Question

Two concentric circles are of radii 5 cm and 3 cm. Find the length of the chord of the larger circle which touches the smaller circle.

Answer 1

Let the two concentric circles be centered at point O. And let PQ be the chord of the larger circle which touches the smaller circle at point A. Therefore, PQ is tangent to the smaller circle.

OA ⊥ PQ            ...(As OA is the radius of the circle)

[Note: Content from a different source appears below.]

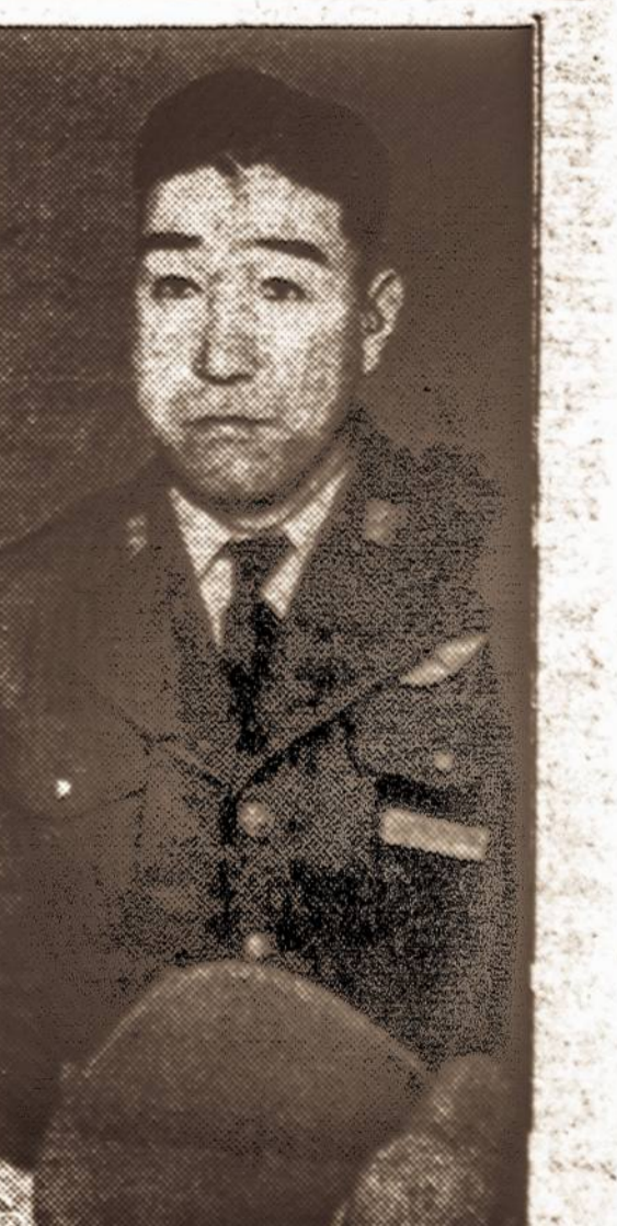
Lt. pulk. Sigenasa kamanofo, vairavęs bombonešį Pearl Harbor užpuolimo metu, dabar vairuoja amerikiečių gamybos sprausminį lėktuvą Japonijoje. Jis yra vienas iš 13 gabiausių japonų lakūnų, kurie, amerikiečių padėdami, dabar organizuoja naują Japonijos oro laivyną.
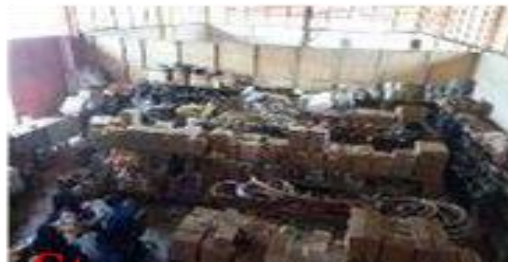
Gambar 1.10 Store/ Gudang

Applying Pythagoras theorem in ΔOAP, we obtain

OA² + AP² = OP²

3² + AP² = 5²

9 + AP² = 25

AP² = 16

AP = 4

In ΔOPQ,

Since OA ⊥ PQ,

AP = AQ                ...(Perpendicular from the center of the circle bisects the chord)

∴ PQ = 2AP

= 2 × 4

= 8

Therefore, the length of the chord of the larger circle is 8 cm.

Answer 2

Let O be the centre of the two concentric circles of radii 5 cm and 3 cm, respectively. Let AB be a chord of the larger circle touching the smaller circle at P.

Then, AP = PB and OP ⊥ AB

Applying Pythagoras theorem in ΔOPA, we have

OA² = OP² + AP²

⇒ 25 = 9 + AP²

⇒ AP² = 16

⇒ AP = 4 cm

∴ AB = 2AP

= 8 cm